Question

The compound of molecular formula C\textsubscript{5H\textsubscript{10}O(A) reacts with Tollen's reagent to give silver mirror but does not undergo aldol condensation. The compound A is}

• A. 3-pentanone
• B. 2,2-dimethylpropanal
• C. 3-hydroxy-2-pentene
• D. 3-methylbutanal
• E. 3-methyl-2-butanone

Hint:

Aldol condensation requires $\alpha$-H to form the enolate ion. If an aldehyde has no $\alpha$-H (like benzaldehyde or 2,2-dimethylpropanal), it's a prime candidate for Cannizzaro's reaction!

Answer 1

The Correct Option is B

Concept: This problem involves identifying a compound based on two classic chemical tests: the Tollen's test and the Aldol condensation requirement.
• Tollen's Reagent Test: A positive result (silver mirror) indicates the presence of an aldehyde group ($-CHO$). Ketones do not react.
• Aldol Condensation: For a compound to undergo aldol condensation, it must possess at least one alpha-hydrogen ($\alpha$-H). These are hydrogen atoms attached to the carbon immediately adjacent to the carbonyl group.

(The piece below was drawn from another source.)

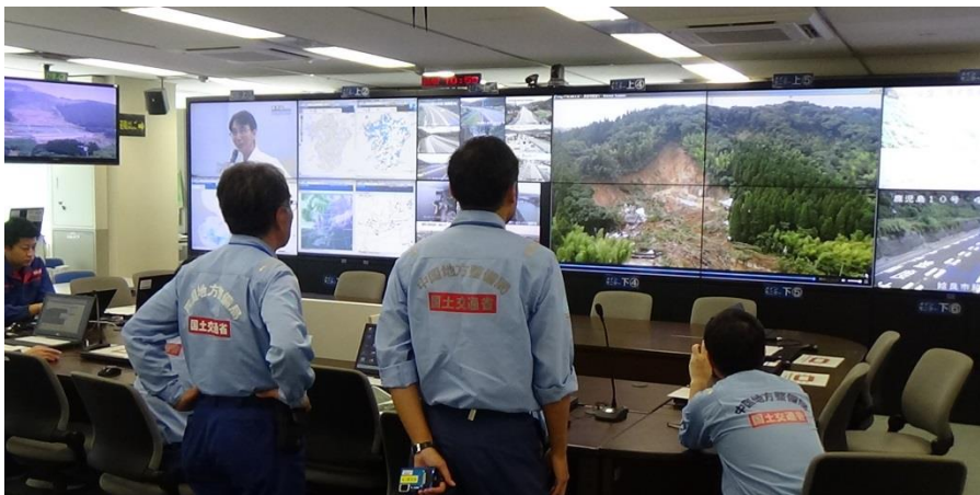
【ドローンの映像を確認】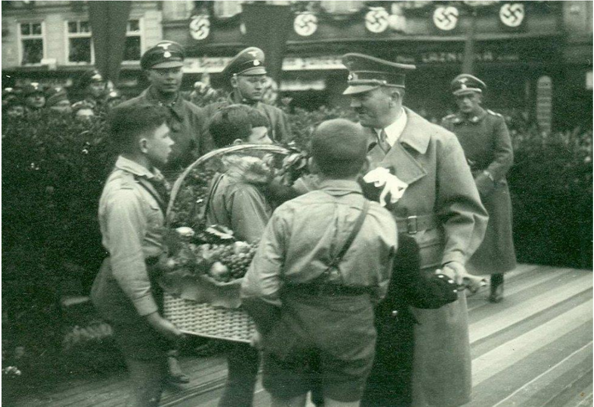
Obrázek 3: Adolf Hitler ve Znojmě dne 26. října 1938.

Step 1: Filter by the Tollen's test. Compounds (A) and (E) are ketones (pentanone and butanone), so they are eliminated. Compound (C) is an enol/alcohol. This leaves (B) 2,2-dimethylpropanal and (D) 3-methylbutanal as the possible aldehydes.

Step 2: Check for alpha-hydrogens. - (D) 3-methylbutanal: The $\alpha$-carbon is a $-CH_2-$ group. It has two $\alpha$-hydrogens and will undergo aldol condensation. - (B) 2,2-dimethylpropanal: The $\alpha$-carbon is a quaternary carbon (attached to three methyl groups). It has zero alpha-hydrogens. Structure: $(CH_3)_3C-CHO$. Because it is an aldehyde with no $\alpha$-H, it reacts with Tollen's but fails the Aldol condensation (it would undergo Cannizzaro reaction instead).